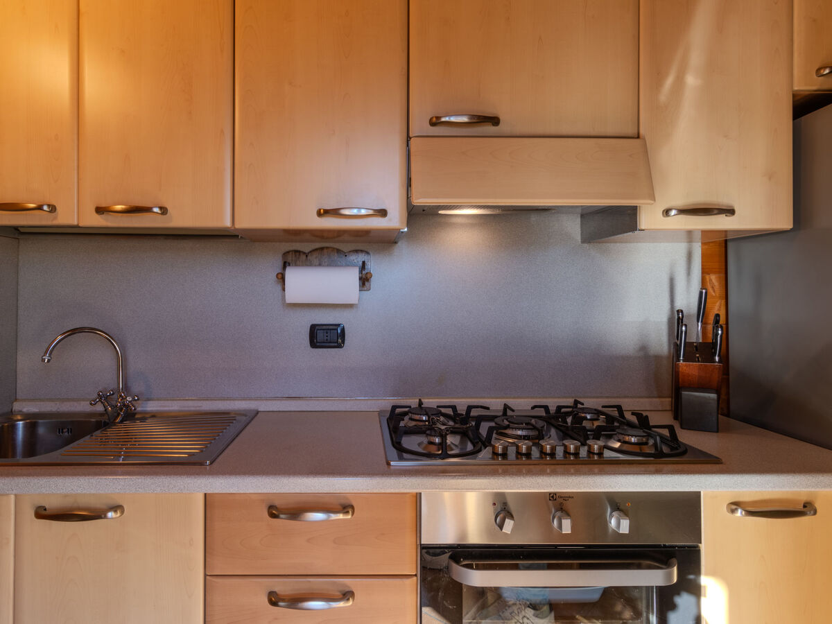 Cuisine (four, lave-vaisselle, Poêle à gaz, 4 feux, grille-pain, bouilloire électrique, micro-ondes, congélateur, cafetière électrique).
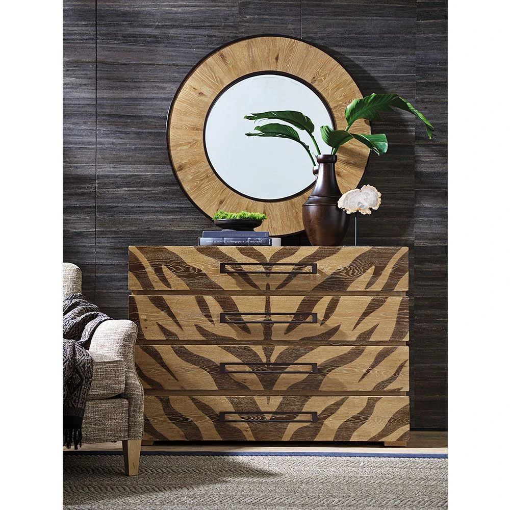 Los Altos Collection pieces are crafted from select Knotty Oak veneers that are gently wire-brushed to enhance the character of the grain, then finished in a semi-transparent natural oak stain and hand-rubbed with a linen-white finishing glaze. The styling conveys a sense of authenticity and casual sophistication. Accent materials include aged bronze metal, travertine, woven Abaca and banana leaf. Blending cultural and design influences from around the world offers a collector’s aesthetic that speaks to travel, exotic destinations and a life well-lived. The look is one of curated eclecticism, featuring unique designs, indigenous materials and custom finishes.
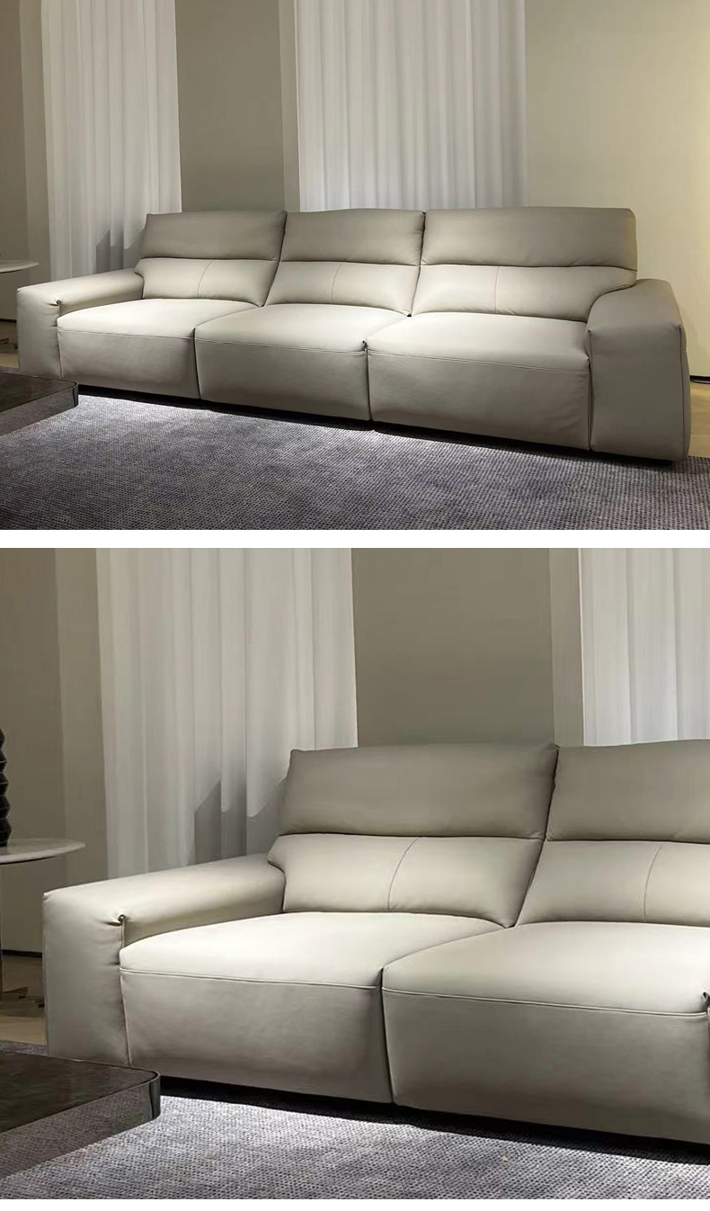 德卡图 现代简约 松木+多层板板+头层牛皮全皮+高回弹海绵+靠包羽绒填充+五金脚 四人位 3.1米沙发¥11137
+ + +
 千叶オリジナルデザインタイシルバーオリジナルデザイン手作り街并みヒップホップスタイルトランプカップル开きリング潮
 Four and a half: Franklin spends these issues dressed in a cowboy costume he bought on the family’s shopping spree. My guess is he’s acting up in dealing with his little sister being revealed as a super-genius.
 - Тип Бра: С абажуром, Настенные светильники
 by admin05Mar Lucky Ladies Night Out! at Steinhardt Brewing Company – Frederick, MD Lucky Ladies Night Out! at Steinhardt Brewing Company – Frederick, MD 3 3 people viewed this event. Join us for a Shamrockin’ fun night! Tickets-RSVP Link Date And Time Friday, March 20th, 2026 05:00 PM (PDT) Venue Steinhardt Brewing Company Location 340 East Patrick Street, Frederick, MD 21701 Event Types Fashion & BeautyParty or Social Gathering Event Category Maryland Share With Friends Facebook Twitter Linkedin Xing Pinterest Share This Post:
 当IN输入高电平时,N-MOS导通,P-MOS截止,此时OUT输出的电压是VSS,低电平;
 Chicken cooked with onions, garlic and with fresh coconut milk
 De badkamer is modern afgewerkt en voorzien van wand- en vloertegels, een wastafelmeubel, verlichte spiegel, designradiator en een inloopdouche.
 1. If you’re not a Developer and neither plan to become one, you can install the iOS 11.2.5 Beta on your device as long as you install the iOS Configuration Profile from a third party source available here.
+ + +
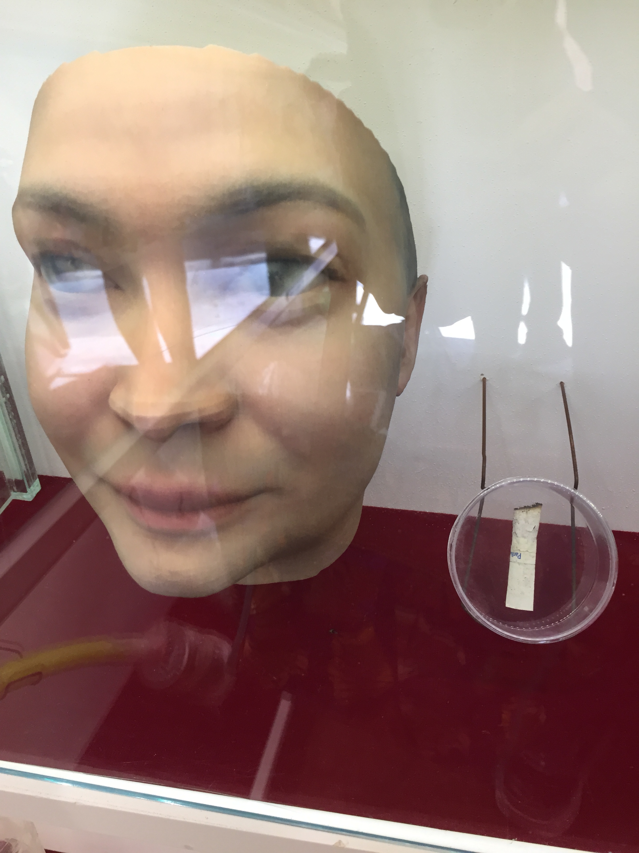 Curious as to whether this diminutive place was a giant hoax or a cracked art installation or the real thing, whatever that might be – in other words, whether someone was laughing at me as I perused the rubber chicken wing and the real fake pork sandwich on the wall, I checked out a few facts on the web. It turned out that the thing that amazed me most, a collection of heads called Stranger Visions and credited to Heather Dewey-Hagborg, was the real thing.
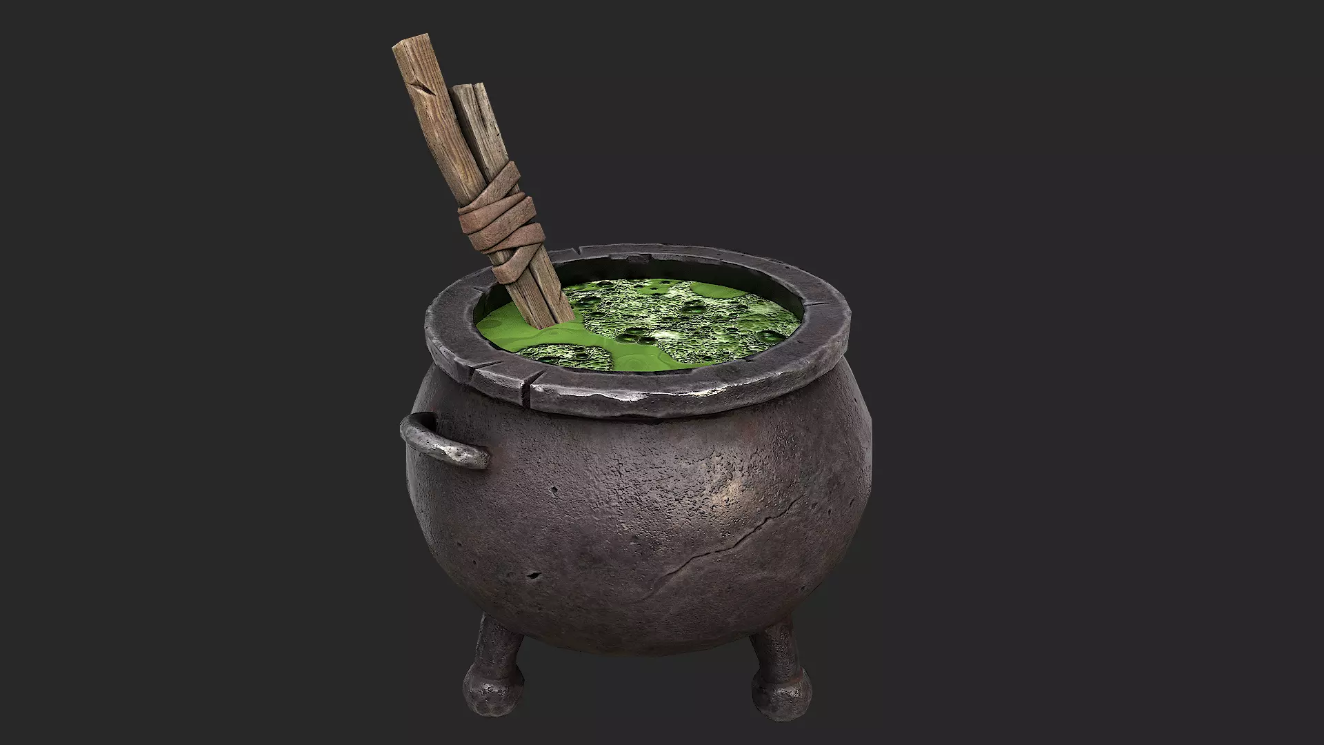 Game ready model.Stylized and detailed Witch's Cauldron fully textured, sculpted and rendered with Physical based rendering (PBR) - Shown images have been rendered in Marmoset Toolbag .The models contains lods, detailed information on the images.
+ + +
▶ Task directions
Because only one stretch of the records is wanted, please output the lines from the one holding "Cuisine (four, lave-vaisselle, Poêle" through the one holding "德卡图 现代简约 松木+多层板板+头层牛皮全皮+高回弹海绵+靠包羽绒填充+五金脚" exactly, both included, and leave every picture out.

▶ Response box
 Cuisine (four, lave-vaisselle, Poêle à gaz, 4 feux, grille-pain, bouilloire électrique, micro-ondes, congélateur, cafetière électrique).
 Los Altos Collection pieces are crafted from select Knotty Oak veneers that are gently wire-brushed to enhance the character of the grain, then finished in a semi-transparent natural oak stain and hand-rubbed with a linen-white finishing glaze. The styling conveys a sense of authenticity and casual sophistication. Accent materials include aged bronze metal, travertine, woven Abaca and banana leaf. Blending cultural and design influences from around the world offers a collector’s aesthetic that speaks to travel, exotic destinations and a life well-lived. The look is one of curated eclecticism, featuring unique designs, indigenous materials and custom finishes.
 德卡图 现代简约 松木+多层板板+头层牛皮全皮+高回弹海绵+靠包羽绒填充+五金脚 四人位 3.1米沙发¥11137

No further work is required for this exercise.